Na het amen van de preek wordt lied 536 gezongen, de kinderen komen weer binnen, de dopelingen worden binnengedragen en dominee Van Dalen neemt de leiding van de dienst over. Hij zegt dat er twee eregasten in ons midden zijn, Jet en Jelena. ‘Opeens is er een andere dominee, wat is dat dan?’, vraagt hij aan de kinderen voorin. ‘Wat gebeurt er?’ ‘Er wordt gedoopt’, is het antwoord. ‘Waar doen we dat mee?’ en op het goede antwoord vraagt de dominee de kinderen bij het doopvont te komen. De dominee legt uit dat dopen met water gebeurt. De kinderen mogen het water voelen. ‘Dat is dus een, dopen gebeurt met water’. De dominee stelt een volgende vraag: ‘Wie doopt er?’ Het antwoord komt prompt: ‘Opa’, zegt een kleinkind van de dominee. Dan legt hij uit in wiens naam hij doopt. Eerst een voorbeeld met ‘In naam van de Koning’. Dat klinkt de kinderen bekend in de oren. Dan legt hij uit dat hij in ‘de naam van God, de Zoon en de Heilige Geest’ doopt. Dat betekent dat God de Vader een verbond met ons maakt. Hij zegt: Ik ben je Vader en jij bent mijn kind. Ik wil voor je zorgen. In de naam van Jezus betekent: Ik ben voor jou aan het kruis gestorven, ik wil je zonden afwassen. In de naam van de Heilige Geest betekent: De Geest van God belooft dat hij in ons hart wil wonen zodat we de Here Jezus gaan liefhebben. Hierna spreekt de dominee het doopgebed uit, waarna lied 781 wordt gezongen. De doopouders leggen de doopbelofte af waarna Jet en Jelena worden gedoopt. Ze krijgen elk een mooie doopwens mee. De kerkgangers gaan staan en an de gemeente wordt gevraagd of ze de dopelingen in haar midden wil opnemen. Het lied ‘Laar de kind’ren tot mij komen’ wordt gezongen waarna de doopkaarsen aan de Paaskaars worden aangestoken waarbij de dominee zegt: ‘Jezus zegt: Ik ben het licht der wereld. Wie mij volgt zal nooit in duisternis wandelen’. Een van de doopouders, Asha, leest een doopgedichtje voor.
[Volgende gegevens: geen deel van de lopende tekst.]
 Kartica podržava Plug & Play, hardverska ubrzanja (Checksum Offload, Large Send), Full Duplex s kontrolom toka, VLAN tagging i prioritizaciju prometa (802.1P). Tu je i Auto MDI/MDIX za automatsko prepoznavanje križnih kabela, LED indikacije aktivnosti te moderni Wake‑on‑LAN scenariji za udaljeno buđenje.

Ik wens je twee stevige voeten om door het leven te gaan.
Ik wens je twee stevige handen om anderen bij te staan.
Ik wens je een mond om te lachen met vrienden die vrolijk zijn,
Maar ook om mensen te troosten bij tegenspoed en pijn.
Ik wens je twee heldere ogen om te zien wat kwaad is of goed,
Dan zul je altijd weten de weg die je volgen moet.
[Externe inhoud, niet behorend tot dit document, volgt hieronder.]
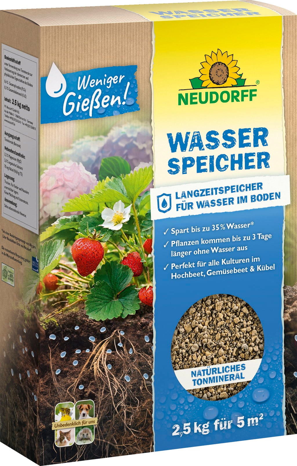 Chraňte Vaše rostliny před stresem ze sucha a snižte potřebu zalévání se zásobníkem vody z přírodních jílových minerálů! Tento speciální zásobník vody uchovává v půdě až o 35 % více vody, což přináší skutečnou úlevu zejména v horkých letních dnech - včetně bohaté sklizně a mnoha květů.

Ik wens je een liefdevol hart toe, een hart dat mensen bemint,
Maar bovenal heb je Gods zegen. Word heel gelukkig, lief kind
Naast vreugde is er ook verdriet, zegt de dominee. Hij leest de namen van vier overleden leden van de gemeente. Hierna worden de verzen 1 en 2 van lied 753 gezongen. De dank- en voorbeden volgen afgesloten met stil gebed en het gezamenlijk bidden van het Onze Vader. Tijdens orgelspel wordt de collecte gehouden en lied 416 is het slotlied waarna de zegen wordt uitgesproken.